- Developer: Volition
- Publisher: Deep Silver
- Producer: Jim Boone
- Designer: Scott Phillips
- Programmer: Ryan Spencer
- Artist: Stephen Quirk
- Writers: Jason L. Blair; Jeffrey Bielawski; Tony Bedard;
- Composers: Malcolm Kirby, Jr.
- Series: Saints Row
- Platforms: Microsoft Windows; PlayStation 3; Xbox 360; PlayStation 4; Xbox One; Linux; Nintendo Switch; Stadia;
- Release: August 20, 2013 Microsoft Windows, PlayStation 3, Xbox 360NA: August 20, 2013; EU: August 23, 2013; AU: September 12, 2013; PlayStation 4, Xbox OneNA: January 20, 2015; EU: January 23, 2015; LinuxWW: December 21, 2015; Nintendo SwitchWW: March 27, 2020; StadiaWW: November 1, 2021; ;
- Genre: Action-adventure
- Modes: Single-player, multiplayer

= Saints Row IV =

2013 action-adventure game

Saints Row IV is a 2013 action-adventure game developed by Volition and published by Deep Silver. It is the sequel to 2011's Saints Row: The Third, the fourth game in the Saints Row series, and the final main installment of the original series that began with 2006's Saints Row. The game was released in August 2013 for Microsoft Windows, PlayStation 3, and Xbox 360, and was later ported to the PlayStation 4, Xbox One, and Linux in 2015. A Nintendo Switch port was released on March 27, 2020, and a Google Stadia port was released on November 1, 2021.

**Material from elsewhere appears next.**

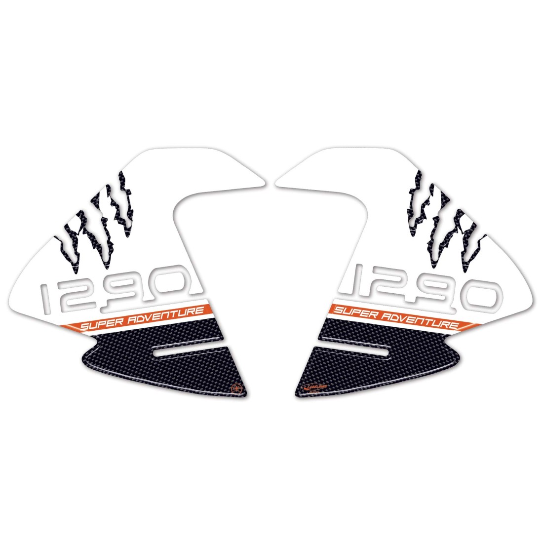 2 3D RESIN SCRATCHPROOF ADHESIVE compatible for KTM 1290 SUPER ADVENTURE SIDE PROTECTION FOR TANK Les Tank Stickers que vous êtes sur le point d'acheter sont blancs, en imitation carbone, avec le lettrage Super Adventure blanc sur fond orange et le lettrage 1290 en bas-relief.

The game's open world nature allows players to freely explore a simulation of the fictional city of Steelport while completing main and side missions at their leisure. It incorporates science fiction elements, and continues the series' reputation for over-the-top parody. The single-player story follows the same player-created character from the previous games, who is elected President of the United States after thwarting a terrorist threat. Five years into their governance, they find themselves trapped in the Steelport simulation along with members of their gang, the 3rd Street Saints, after an alien empire known as the Zin attacks the Earth and captures them. With the help of their allies who managed to escape and hacked the simulation to give them superpowers, the player attempts to rescue their captured friends, escape the simulation, and defeat the Zin.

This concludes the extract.